A Doctor Speaks
Volume 57 Issue 12 - May 2001 - A.A. Grapevine
George E. Vaillant, M.D., joined AA's General Service Board as a Class A (nonalcoholic) trustee in 1998. He is professor of psychiatry, Harvard Medical School, director of the Study of Adult Development, Harvard University Health Services, and director of research in the Division of Psychiatry, Brigham and Women's Hospital. The author of The Natural History of Alcoholism Revisited, a comprehensive study of alcoholism, George lectures widely on alcoholism and addiction and is one of the foremost researchers in the field.

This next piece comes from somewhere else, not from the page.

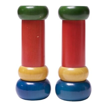 Pair of 1980s Memphis-Style Wooden Candlesticks

In an article about alcoholism in Harvard Magazine, you were quoted as saying that 50 percent of the people brought into emergency rooms with fractures are there as a result of alcohol, but that blood-alcohol levels are never checked. It made me curious about the way medical professionals view alcoholism today. Can you tell us something about that?

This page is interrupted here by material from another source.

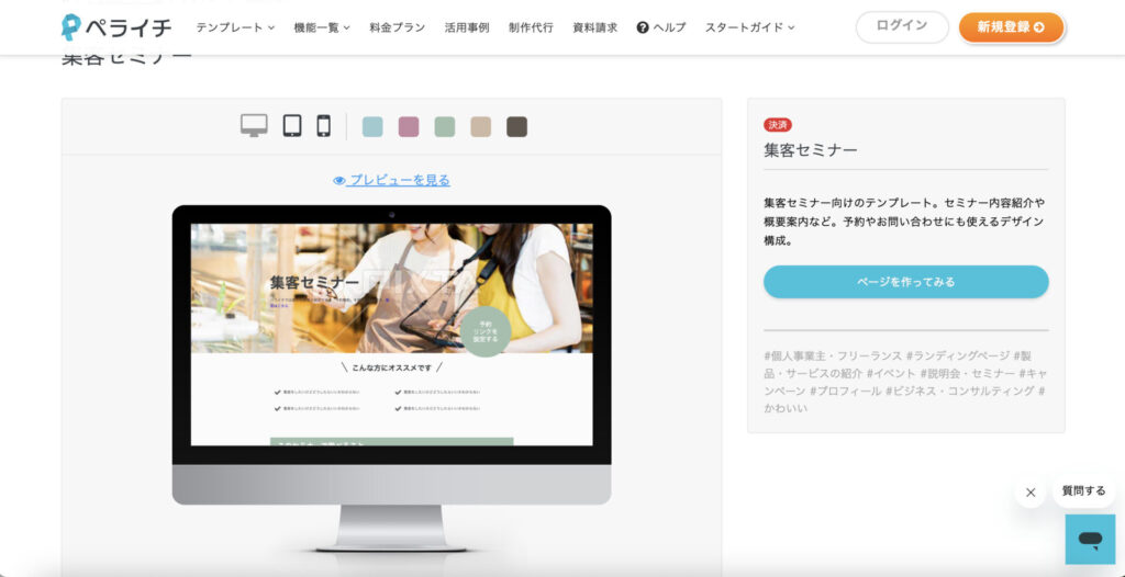 ペライチは、月々1,480円(税抜)〜・サーバー維持費0円でホームページの作成・運用ができる国産ツールです。

What happens in emergency rooms is actually much more dramatic than that. Probably 50 percent of all the people brought into emergency rooms had blood-alcohol levels over .25--which is enough to make any nondependent person comatose, not just prone to accidents. And even though this is a clear biochemical fact staring doctors in the face, no referral is made--nothing is done about it--because when it comes to treating alcoholism, the medical profession feels so helpless, so without hope. And for a doctor, feeling powerless is reason enough to put his head in the sand.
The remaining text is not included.